_Source material_.

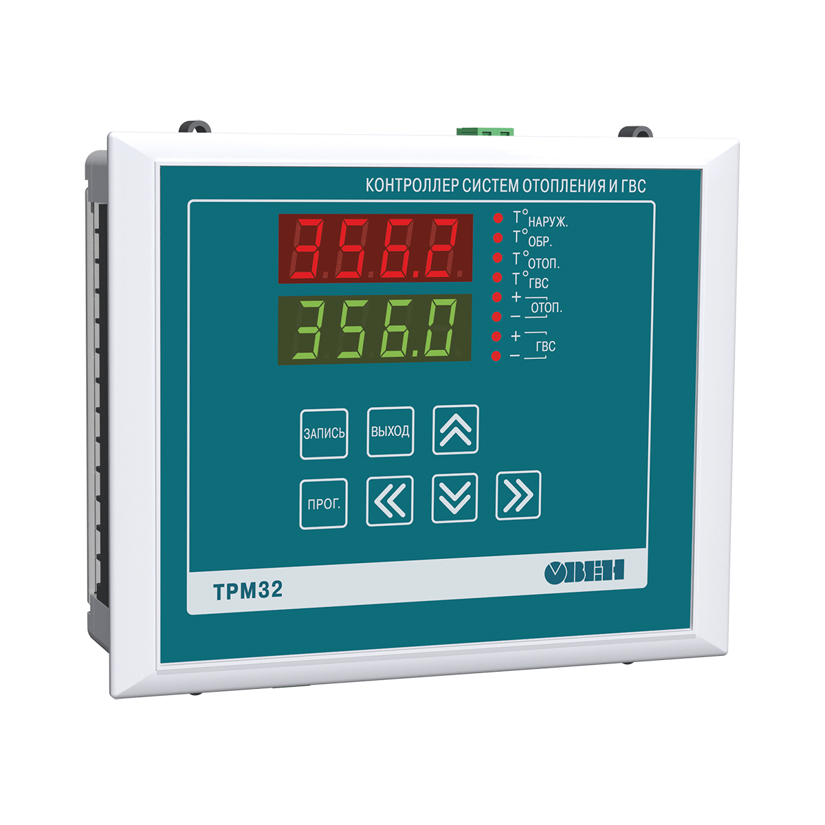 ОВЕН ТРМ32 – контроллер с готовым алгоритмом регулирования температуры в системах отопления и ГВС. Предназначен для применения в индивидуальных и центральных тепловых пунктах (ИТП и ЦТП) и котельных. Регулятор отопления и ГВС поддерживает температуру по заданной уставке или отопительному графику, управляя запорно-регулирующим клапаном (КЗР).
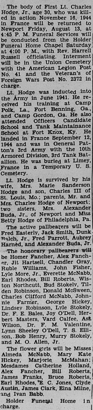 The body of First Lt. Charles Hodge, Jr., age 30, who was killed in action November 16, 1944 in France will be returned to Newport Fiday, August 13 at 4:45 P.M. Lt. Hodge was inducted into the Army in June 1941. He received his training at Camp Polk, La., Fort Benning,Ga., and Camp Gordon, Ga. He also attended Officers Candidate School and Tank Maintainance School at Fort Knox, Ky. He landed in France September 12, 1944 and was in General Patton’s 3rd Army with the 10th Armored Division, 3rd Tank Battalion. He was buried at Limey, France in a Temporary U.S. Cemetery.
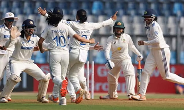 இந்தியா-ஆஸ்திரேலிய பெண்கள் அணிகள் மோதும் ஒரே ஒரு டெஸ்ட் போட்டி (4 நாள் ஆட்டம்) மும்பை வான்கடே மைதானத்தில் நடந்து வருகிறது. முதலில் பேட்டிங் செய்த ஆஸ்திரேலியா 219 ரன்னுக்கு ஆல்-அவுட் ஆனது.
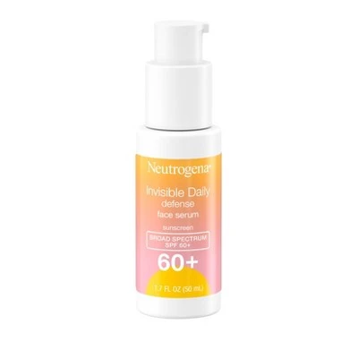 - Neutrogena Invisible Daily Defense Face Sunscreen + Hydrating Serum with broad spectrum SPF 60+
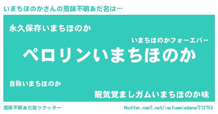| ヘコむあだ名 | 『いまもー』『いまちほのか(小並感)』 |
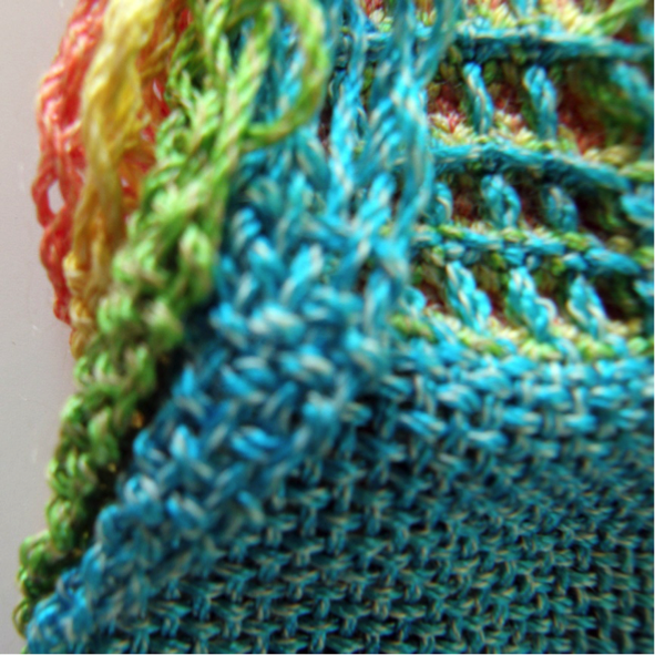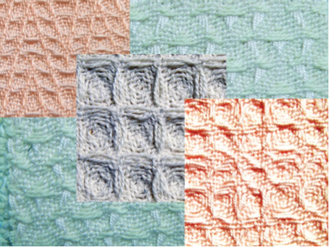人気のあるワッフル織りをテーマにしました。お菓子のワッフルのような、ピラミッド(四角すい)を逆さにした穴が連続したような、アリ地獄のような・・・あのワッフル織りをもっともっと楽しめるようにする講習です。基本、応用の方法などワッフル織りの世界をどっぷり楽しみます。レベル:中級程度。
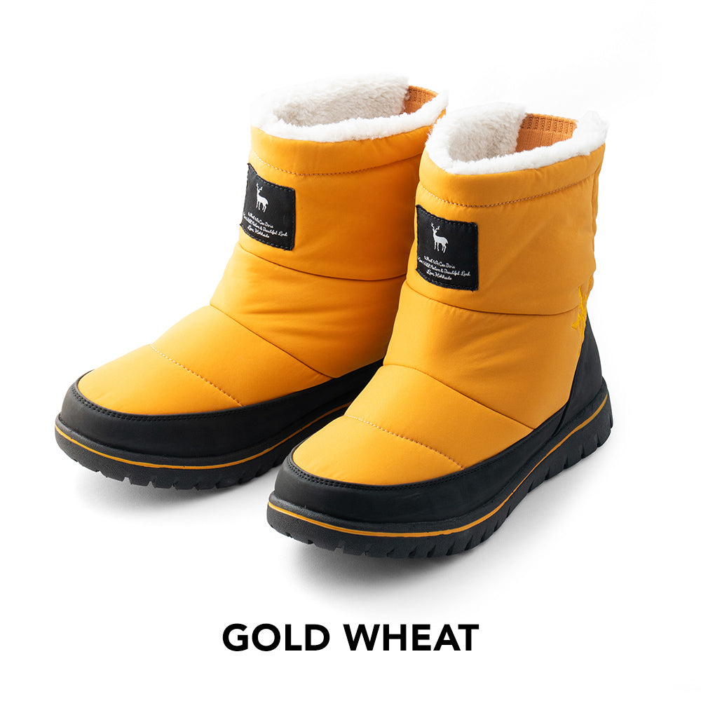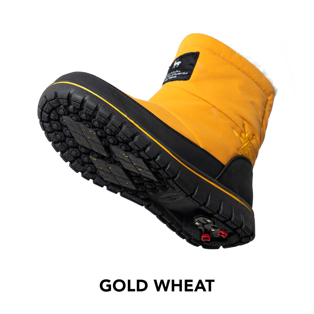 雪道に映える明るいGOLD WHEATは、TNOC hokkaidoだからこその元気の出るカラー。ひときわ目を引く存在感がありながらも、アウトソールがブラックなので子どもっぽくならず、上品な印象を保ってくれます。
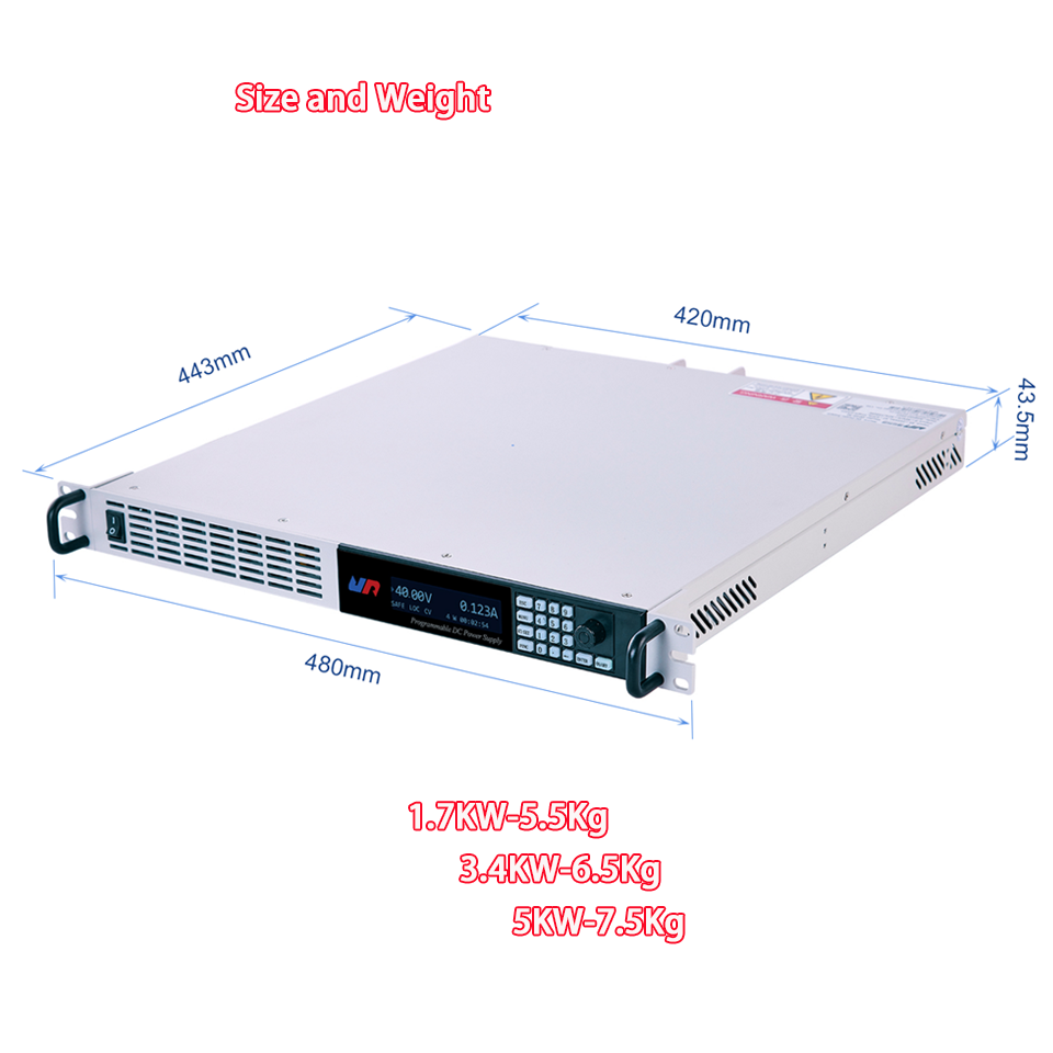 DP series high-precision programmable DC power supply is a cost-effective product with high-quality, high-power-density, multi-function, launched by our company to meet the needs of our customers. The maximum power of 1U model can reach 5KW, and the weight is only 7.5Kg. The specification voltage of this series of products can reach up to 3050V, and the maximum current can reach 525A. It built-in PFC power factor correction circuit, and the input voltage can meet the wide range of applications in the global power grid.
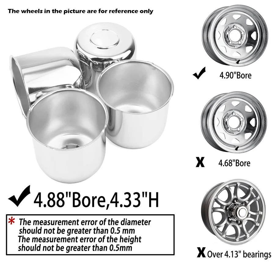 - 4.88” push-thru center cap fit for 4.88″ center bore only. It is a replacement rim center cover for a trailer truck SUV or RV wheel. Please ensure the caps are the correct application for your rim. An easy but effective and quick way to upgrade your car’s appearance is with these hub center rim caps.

_Task goal_. Set the records down again exactly as given, and leave the pictures out.

_Exercise answer_.
 ОВЕН ТРМ32 – контроллер с готовым алгоритмом регулирования температуры в системах отопления и ГВС. Предназначен для применения в индивидуальных и центральных тепловых пунктах (ИТП и ЦТП) и котельных. Регулятор отопления и ГВС поддерживает температуру по заданной уставке или отопительному графику, управляя запорно-регулирующим клапаном (КЗР).
 The body of First Lt. Charles Hodge, Jr., age 30, who was killed in action November 16, 1944 in France will be returned to Newport Fiday, August 13 at 4:45 P.M. Lt. Hodge was inducted into the Army in June 1941. He received his training at Camp Polk, La., Fort Benning,Ga., and Camp Gordon, Ga. He also attended Officers Candidate School and Tank Maintainance School at Fort Knox, Ky. He landed in France September 12, 1944 and was in General Patton’s 3rd Army with the 10th Armored Division, 3rd Tank Battalion. He was buried at Limey, France in a Temporary U.S. Cemetery.
 இந்தியா-ஆஸ்திரேலிய பெண்கள் அணிகள் மோதும் ஒரே ஒரு டெஸ்ட் போட்டி (4 நாள் ஆட்டம்) மும்பை வான்கடே மைதானத்தில் நடந்து வருகிறது. முதலில் பேட்டிங் செய்த ஆஸ்திரேலியா 219 ரன்னுக்கு ஆல்-அவுட் ஆனது.
 - Neutrogena Invisible Daily Defense Face Sunscreen + Hydrating Serum with broad spectrum SPF 60+
| ヘコむあだ名 | 『いまもー』『いまちほのか(小並感)』 |
人気のあるワッフル織りをテーマにしました。お菓子のワッフルのような、ピラミッド(四角すい)を逆さにした穴が連続したような、アリ地獄のような・・・あのワッフル織りをもっともっと楽しめるようにする講習です。基本、応用の方法などワッフル織りの世界をどっぷり楽しみます。レベル:中級程度。
 雪道に映える明るいGOLD WHEATは、TNOC hokkaidoだからこその元気の出るカラー。ひときわ目を引く存在感がありながらも、アウトソールがブラックなので子どもっぽくならず、上品な印象を保ってくれます。
 DP series high-precision programmable DC power supply is a cost-effective product with high-quality, high-power-density, multi-function, launched by our company to meet the needs of our customers. The maximum power of 1U model can reach 5KW, and the weight is only 7.5Kg. The specification voltage of this series of products can reach up to 3050V, and the maximum current can reach 525A. It built-in PFC power factor correction circuit, and the input voltage can meet the wide range of applications in the global power grid.
 - 4.88” push-thru center cap fit for 4.88″ center bore only. It is a replacement rim center cover for a trailer truck SUV or RV wheel. Please ensure the caps are the correct application for your rim. An easy but effective and quick way to upgrade your car’s appearance is with these hub center rim caps.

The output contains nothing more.